How do you capture the domain knowledge about the processes behind the “data”? Is it one person or a multi-disciplinary team? How do real processes in the domain affect the evolution of the data?
What does it mean to integrate multiple sources of data from within the domain and across domains? If across domains, what “valid” generalizations can one make? – these are your potential hypotheses. If conclusions are drawn, what are the implications in each source domain? What are the relationships between the different “elements” of the data? Are the relationships stable? do they change with time? When we integrate multiple sources of data, what are the boundaries – in representation, in semantics? How do we deal with duplicates, handle substitutes, reconcile inconsistencies in source data or inferences? These issues have been studied in the statistical context – called multiple imputation.
What do summaries of data tell you about the phenomena? Does the data trace collected cover all aspects of the potential data space or is it restricted to one sub-space of the phenomena? How do you ensure you have collected (or touched all aspects of this multi-dimensional data space)? Are current resources enough – How do you know you have all the data required? (even in terms of data fields?) ? What more will you need?
Overall, during the datafication phase – what are the goal(s) of the analysis? Are the goals aligned or in conflict? what kind of predictors are you looking for? How will one measure quality of results? Can we improve incrementally over time?

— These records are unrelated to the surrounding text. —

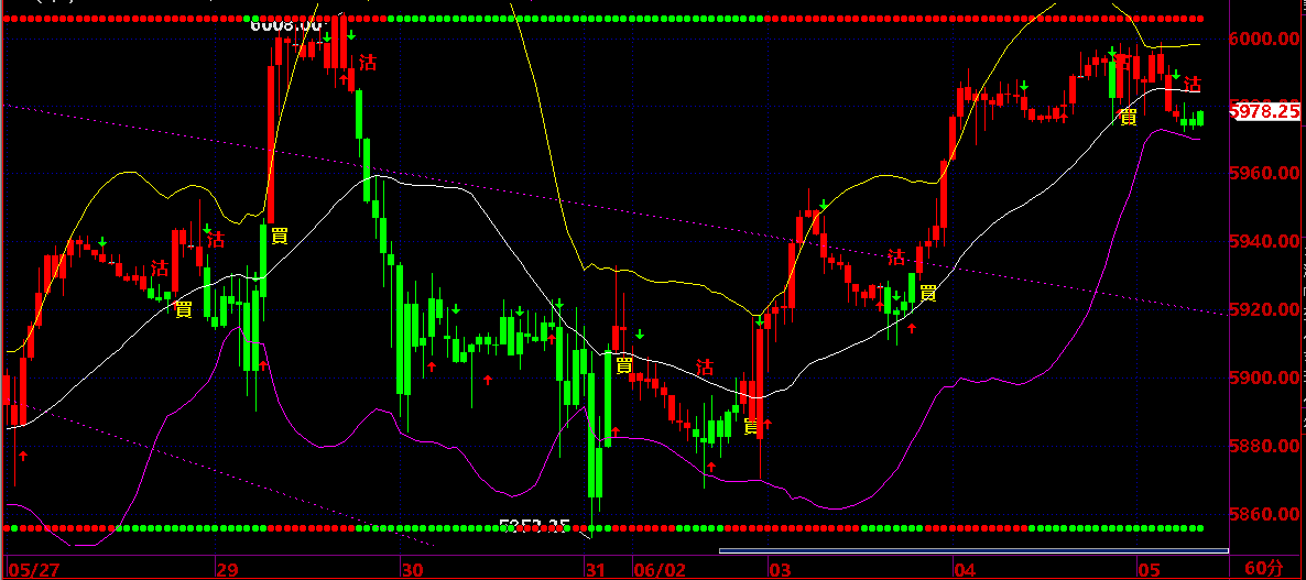 初步==》保持 5940--55之上,見 6000--15、6040 左右;(高見 5999。。。)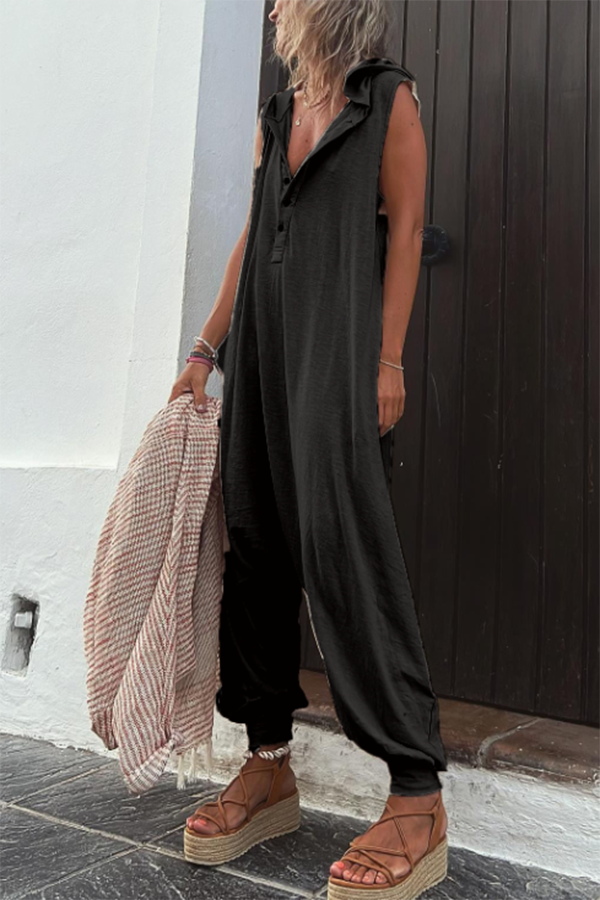 Ryker Pocketed Half Button Hooded Jumpsuit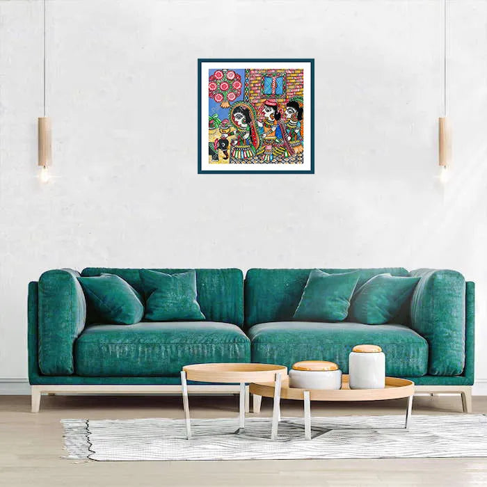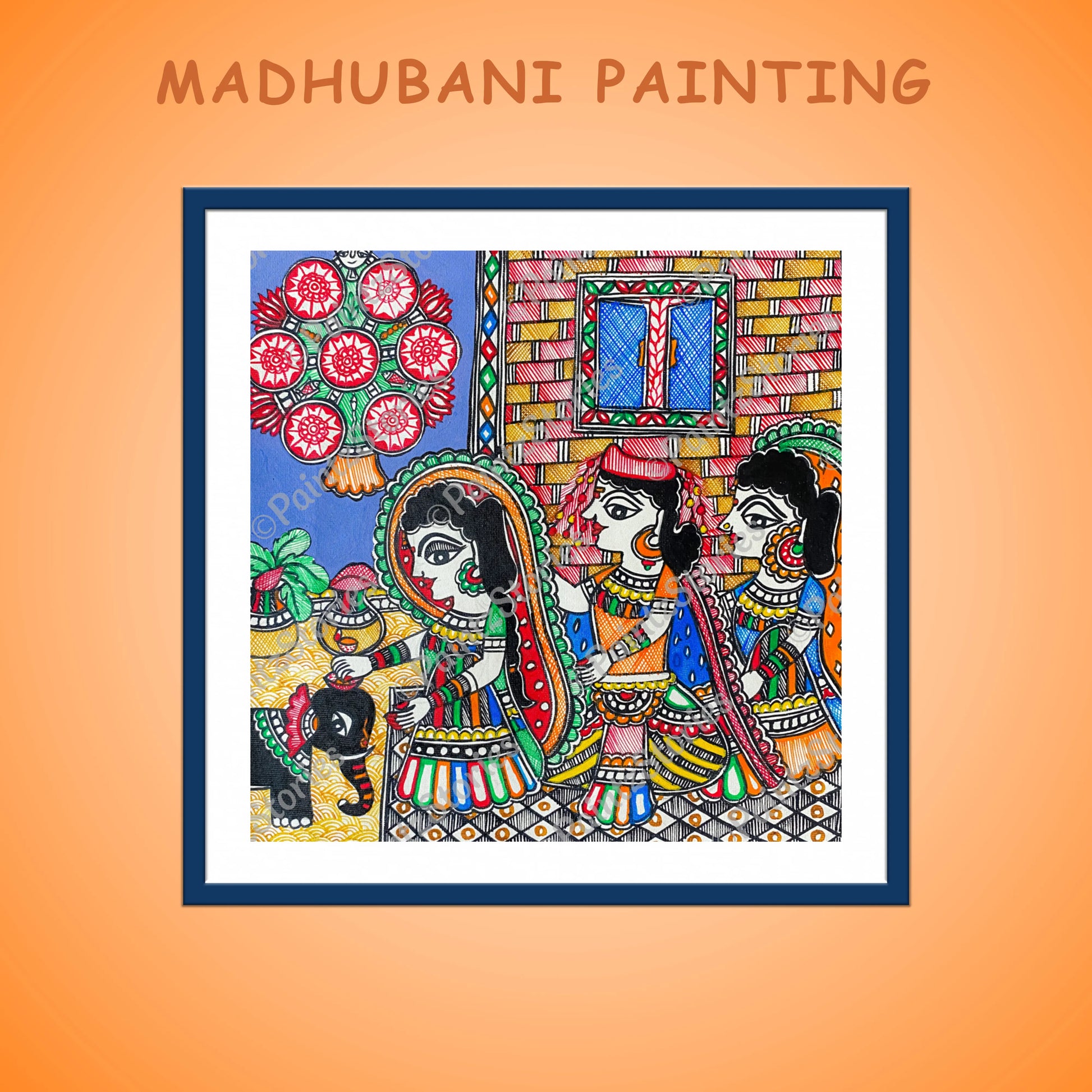 "Immerse yourself in the vibrant tradition of Madhubani painting (also called Mithila painting), where every brushstroke narrates a tale. Our authentic Madhubani artworks epitomize India's cultural richness with intricate designs, vivid hues, and meaningful symbols. Crafted by skilled artisans, each piece is a handmade masterpiece, offering a distinctive touch to your bedroom decor, living room decor, or wall decor, and honouring the artistic heritage of our nation."

Computation/Resource Centric:

How many records are there to start with? (A record is for our purposes a basic unit of “data” – possibly with multiple attributes) – a row in a database table. What is changing about these records? How quickly? Is the change due to time? space? a combination of the two? Other extraneous/domain-specific processes (such as a human user or sensor or active agent)?
When combining data from multiple sources – how do you “normalize” data ? semantics? reconcile values/attributes? test for consistency?
How do you capture the data? What new tools do you need? Is the “sampling” of the data enough ? (when you discretize the analog world, understanding the effects of this essential). For example, when you sample some time phenomena at 1 sec intervals, you cannot say anything intelligent about phenomena that have a lifetime of less than 1 sec and fall between two sample points (a second apart). For example, census is collected every ten years. Are there population phenomena in the intervening decade that we miss? Do we even know what these are?
The engineering questions – Hadoop/map-reduce or regular DB alternatives, home grown tools, batchmode versus realtime, visualization (what to visualize and how?), rate of data growth? What data needs to be stored versus gotten rid of? merging/updating new data and dependent inferences? How to integrate resultant actions (in a feedback loop)? How do you figure if the feedback is positive or negative?

Process/Validation Centric:

How do we make sure the overall analysis is moving in the right direction? We need to ensure that the phenomena under study is not changing by the time we analyse the data.
How do incrementally validate/verify the results/predictions? How do we checkpoint periodically?
What is the overall cost/benefit ratio of the whole analysis exercise? Is the benefit economically exploitable in a sustained manner?
How do we hedge and use the intermediary results for other “monetization” activities?

In the ensuing posts, I will discuss the overall process in the context of a project, I am current working on. Overall, investing in big data requires a good bit of upfront thought or else every organization will have large R&D expenses without any real ROI!